Task material
Content starts
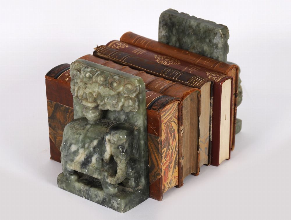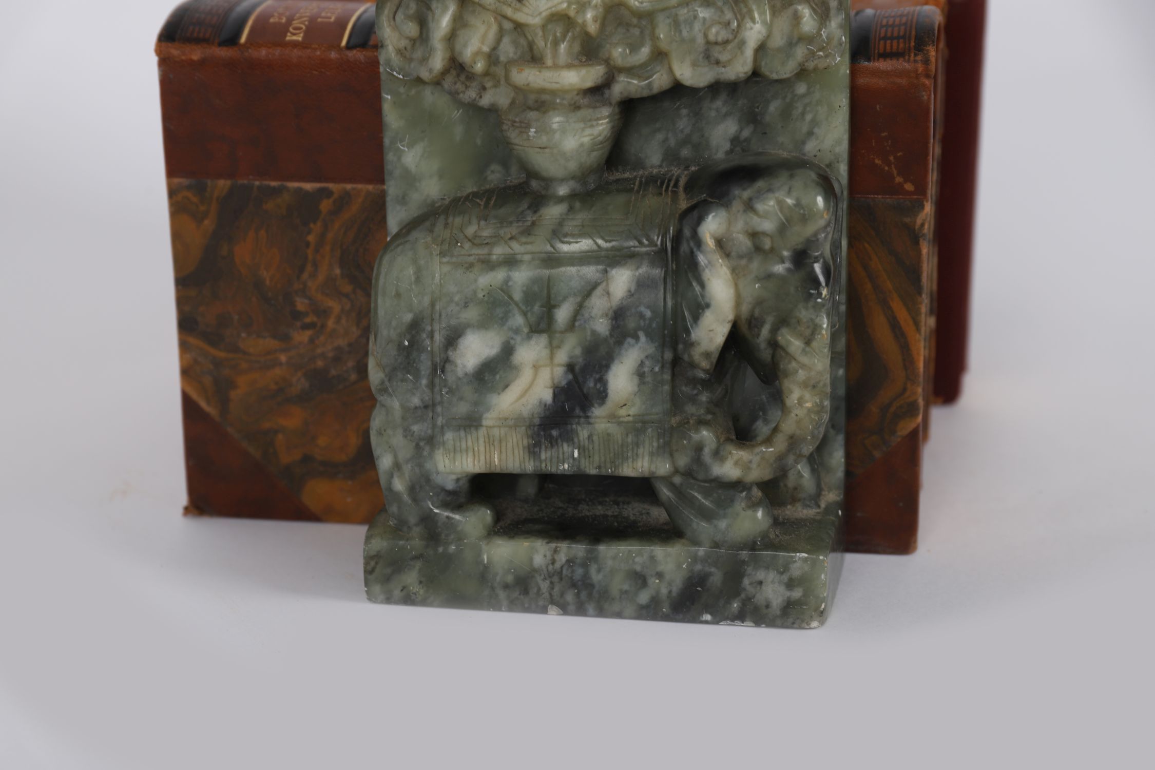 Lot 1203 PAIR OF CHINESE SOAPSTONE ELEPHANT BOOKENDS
Content ends
Content starts
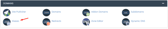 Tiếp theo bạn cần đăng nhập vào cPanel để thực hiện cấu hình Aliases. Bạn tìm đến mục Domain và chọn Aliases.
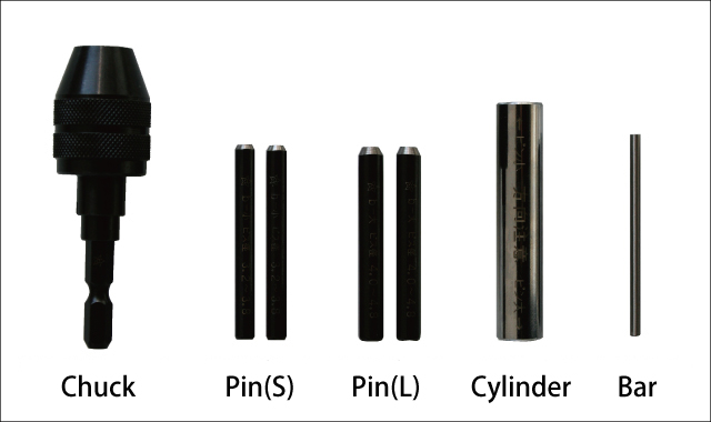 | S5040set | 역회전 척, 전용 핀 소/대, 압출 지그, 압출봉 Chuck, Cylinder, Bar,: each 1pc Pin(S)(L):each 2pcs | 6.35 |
Content ends
Work required
Using the data above, copy exactly the lines from the one containing "Tiếp theo bạn" to the one containing "2pcs | 6.35 |", inclusive. Exclude the pictures.

Written solution
 Tiếp theo bạn cần đăng nhập vào cPanel để thực hiện cấu hình Aliases. Bạn tìm đến mục Domain và chọn Aliases.
 | S5040set | 역회전 척, 전용 핀 소/대, 압출 지그, 압출봉 Chuck, Cylinder, Bar,: each 1pc Pin(S)(L):each 2pcs | 6.35 |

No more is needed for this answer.